Don’t Be Scared

Is it better to be fearful or fearless?


I listened to a podcast this week (On the top of fear), which highlighted a woman that was physically incapable of experiencing it.
She “suffered” from something called Urbach-Wiethe disease, which causes calcium to cover one’s amygdala, the part of the brain responsible for processing fear.

From an evolutionary perspective, humans developed fear to help us recognize danger and avoid it. But, because we live in an increasingly safe world, we don’t really need fear as much as we tend to experience it. Being fearless 500 years ago would have surely gotten you killed, but today, a fearless woman like the one profiled in the podcast can live a fairly normal life. Even the dicey moments she’s found herself in — an abusive marriage, being robbed a couple of times — are not considered traumatic to her. As the host mused in the show’s conclusion:

If you have no fear, more terrible things will happen to you, but you don't personally experience them as terrible. If you have a lot of fear, fewer bad things are likely to happen, but it's very probable that your life is more painful to you. So, is it better to be fearful or fearless?

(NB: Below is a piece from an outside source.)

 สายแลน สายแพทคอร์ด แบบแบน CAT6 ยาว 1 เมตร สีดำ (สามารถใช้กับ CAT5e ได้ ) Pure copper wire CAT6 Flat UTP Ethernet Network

I thought about that a lot this week, as the U.S. elections took place and the news was rife with drama, uncertainty and wild what-ifs. The resulting fear from such speculation has triggered merchants to board up their businesses and friends to leave cities in anticipation of violent civil unrest. At the time of writing, no such danger has materialized. Maybe it will still come? I don’t know. I’m trying not to worry about it.